Is there a way out? The reality is that mothers are giving up work, sleep and relaxation time in order to engage in intensive mothering (Wall, 2010). Intensive mothering scripts inform the mothering practice for all mothers, including those groups already discussed in this text. While the practice of everyday motherhood can involve both joys and struggles for mothers, the pressures to provide children with perfect lives seem both unsustainable and undesirable for many women, for men, and for children. It is important to note that women’s mothering identities are not theirs alone own to make, adopt, and/or integrate into their own lives. In fact, socio-demographic, economic, and cultural factors all influence the array of options that women have at their disposal as they think about creating their own personal mothering identities (Damaske, 2013).

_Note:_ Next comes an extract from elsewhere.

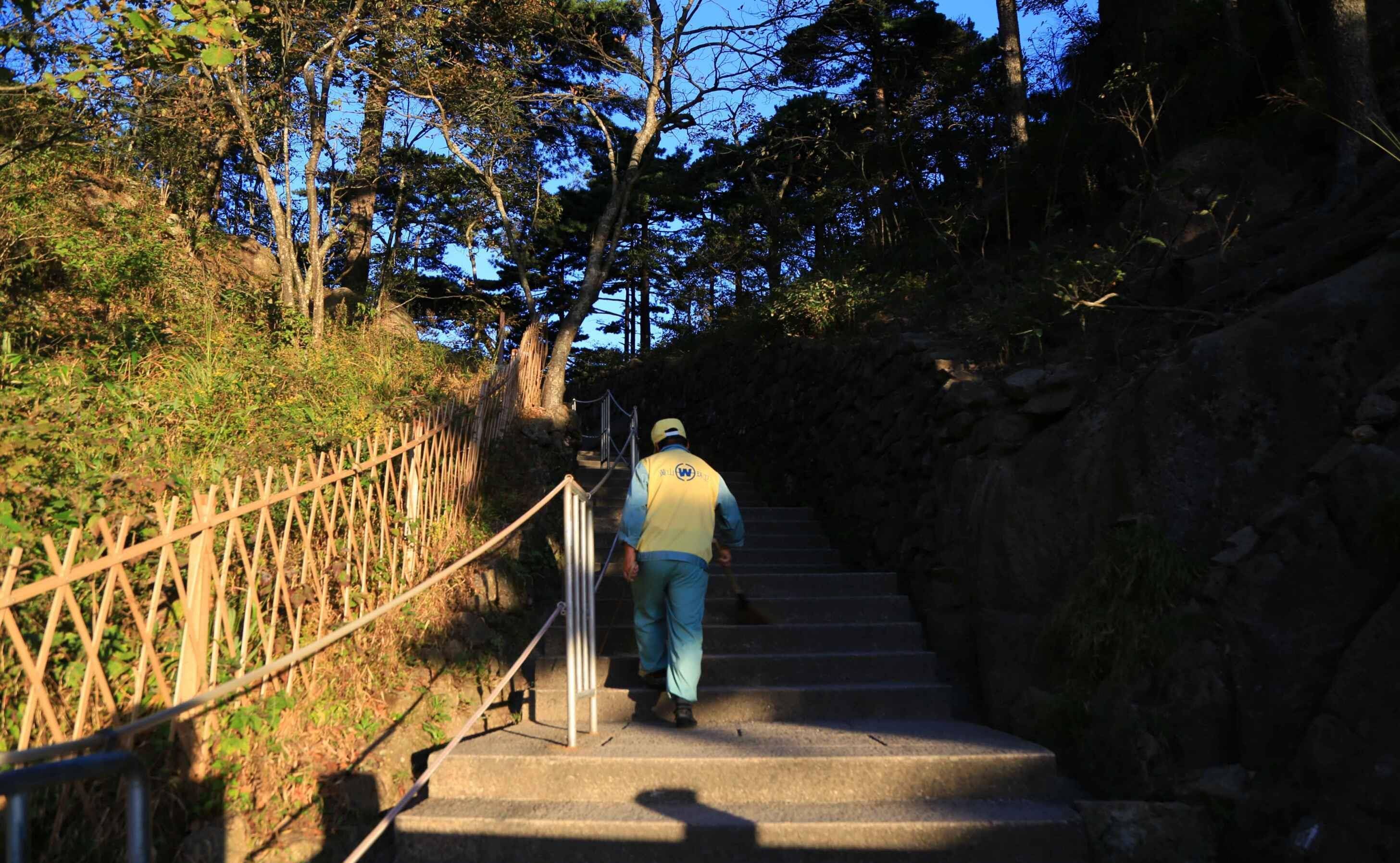 国庆长假,黄山风景区游客接待量明显增多,随风吹散垃圾和乱扔弃的垃圾也比平时多。这让黄山景区环卫工们比平时更加辛苦,特别是放绳工,为了保持悬崖风景的洁净,那些被客人丢弃或是被风刮到山崖下的矿泉水瓶、餐巾纸等垃圾,只有靠他们放绳下去才能捡起。

Western cultures can learn from other cultures, not only in terms of understanding the interplay between the theory that underlies childrearing practices and its relationship to children’s emotional and behavioural outcomes but also with regard to the value societies place on the practice of mothering. Anthropology, as an academic discipline, has helped us to understand the ways in which human behaviour is dependent on the interrelationships between biological and cultural systems (Stern & Kruckman, 1983). Ross (2014) observes that “although childbirth is a universal biological event, it is not an event independent of its social and cultural context” (p. 167). As such, childbirth, maternal care, and childrearing practices should be seen as “differentially patterned and organized according to [a society’s] specific values, attitudes, and beliefs” (Stern & Kruckman, p. 1027). In assessing prevalence rates of postpartum depression in non-Western societies, Stern and Kruckman (1983), stressed the need to acknowledge that depression could not be described as a disease or mental disorder but instead as a syndrome in Western culture, which has resulted, in part, from modern birth practices. Support for this notion comes from seeing the impact of postpartum rituals and caring activities on women’s mental health in non-Western cultures where postpartum depression was less frequent or nonexistent. These practices provide some insight into the specific ideologies and communities of care that mitigate or may prevent altogether the experience of postpartum depression. Stern and Kruckman list positive practices surrounding maternal care such as the formalizing and structuring of a distinct period of time postpartum to protect new mothers from stress by mandating rest periods, social seclusion, and assistance from relatives and midwives for extended periods of time following childbirth. Other rituals, such as gift-giving and ceremonial meals, were also used to celebrate and honour a woman's new position as a mother (Stern & Kruckman, 1983): in other words, practices valuing motherhood.
Changes in attitudes about women being more competent to parent than men need to happen. Dramatic changes not only in the way we imagine what it means to be a good parent but also in the value Western societies place on current intensive mothering practice must occur in concert with economic and social reforms that support both women and men as primary caregivers. The way forward, as with all revolutions in the past, will involve struggle; and the struggle belongs not only to women and children but to all members of society who see the benefits that will follow from the responsible rethinking of what mothering and motherhood could mean in contemporary Western societies.